Powdered hydrated lime, also known as slaked lime, is understood to mean a set of solid particles consisting mainly of calcium hydroxide Ca(OH)2.
This slaked lime may obviously contain impurities, such as magnesium oxide or hydroxide, silica, alumina, etc., in a quantity of a few tens of grams per kilo. In general, the particle size of this powdered material is on the whole less than 1 mm and often less than 250 μm. Slaked lime may contain free water, that is to say water that is not chemically bound to the compound, in a quantity of up to around 50 g/kg.
Powdered slaked lime is used in many applications, in particular as a neutralizing agent for acid compounds (HCl, SO2, HF, SO3 . . . ) contained in flue gases. In this “dry” method, which is simple and inexpensive, the powdered lime, which is used as an absorbent, is brought into direct contact with the gases to be purified. However, the neutralization reaction between gas and solid is not easy, and a large excess of calcareous reagent with respect to the quantity of acid to be neutralized is often necessary in order to meet increasingly strict emission standards. This excess of reagent poses the problem in particular of additionally generating by-products or residues which have to be treated downstream.
To reduce the excess of reagent or absorbent that has to be used, many products based on powdered slaked lime have been developed in order to obtain a better capability for trapping acid gases using the “dry method”.
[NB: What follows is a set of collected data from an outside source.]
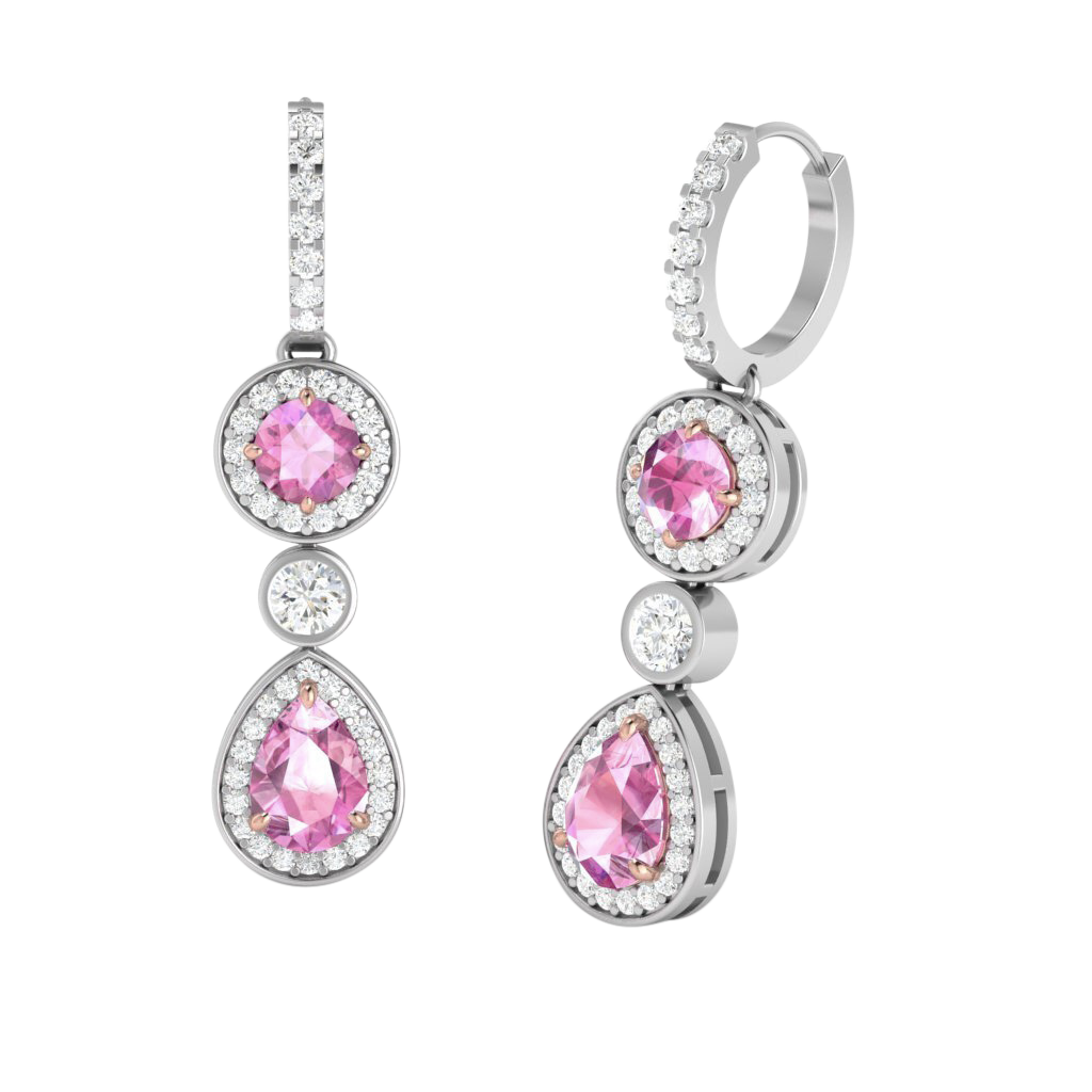 Pear Drop Round Pink Sapphire 18K White Gold Earrings
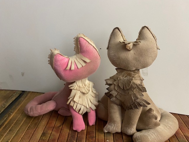 Для изготовления этих котиков я использовала: бумагу и карандаш для выкройки, кулирную гладь, нитки, иголку, ножницы, кофе, акриловые краски. немножечко запекаемой пластики(для носиков и брошки), атласную ленточку для бантика. цветок, вроде всё.
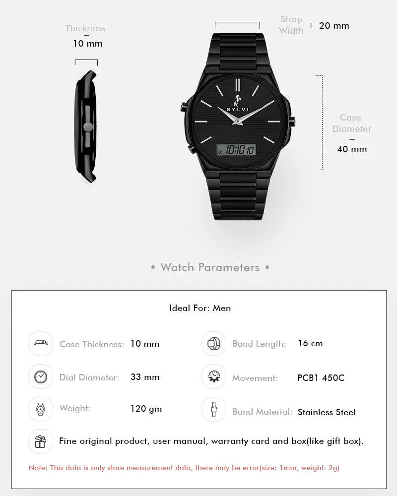 The watch is round with the Stainless steel bracelet in full black finishing that gives the watch a complete unity appearance. It is safe, stable, and comfortable to wear over long durations of time therefore it can be used at work, on the move and daily activities.

In particular, it is known to promote the ability of conventional slaked limes to trap gaseous HCl by combining said conventional slaked limes with an additive, such as alkali metal hydroxides or carbonates or alkali metal chlorides [CHEN, D. et coll., International Academic Publishers, 1999, pp. 337-342]. In said document, the additive in question is added to the slaking water for the quicklime during the preparation of the hydrated lime. The authors note an improvement in performance with regard to reducing gaseous HCl for the slaked lime thus obtained, compared to when the additive is absent, at use temperatures above 200° C. On the other hand, no effect in terms of reducing SO2 is mentioned.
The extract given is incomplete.